China didn't let any coal cargoes from Australia pass the customs clearance in December, whereas imports from other major sources like Indonesia and Russia increased sharply, according to data from the General Administration of Customs.
Beijing unofficially banned coal imports from Australia since early October 2020, a move market narratives deemed as the retaliation against Australia's ban on Huawei and its role in an investigation on the origin of COVID-19.
In a bid to bolster domestic industry, China had curbed coal imports from all sources by tightening import quotas since March last year, but from December it greenlit power plants to import coal without necessity to provide quotas for customs clearance, as domestic supply came into a shortage while demand was flaring amid unexpected cold winter and strong economic recovery.

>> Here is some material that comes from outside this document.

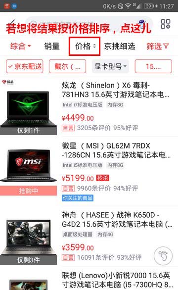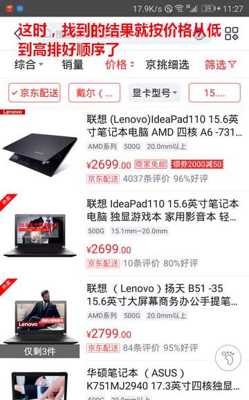9、这时,商品列表中列出的笔记本就是我们指定了快递、品牌、显卡、屏幕大小的本本了,并且已经按价格从低到高进行了排列。

However, bans on Australia were still in place. Even cargoes that have already arrived in China remained stuck off the Chinese coast, no matter for thermal coal that is mainly for power generation and coking coal for steelmaking. At least 62 cargos carrying 6.14 million tonnes of coal from Australia are waiting to discharge near Chinese ports, some of which have been waiting since June, Reuters said.
The customs data also showed that the share of Australian thermal coal slipped to 34.19% of China's total imports of the fuel in 2020 from 39.72% in 2019. However, the share of Australian coking coal rose to 48.68% of China's total purchases last year from 41.31% in 2019, as imports from the first two months soared so that the decline since restrictions came into force was hided.
While sources had claimed an Australian coal cargo got cleared at Guangzhou port early this month, no other substantial signs showed China will drop the ban any time soon. With China's domestic supply gradually recovering, the possibility becomes more remote.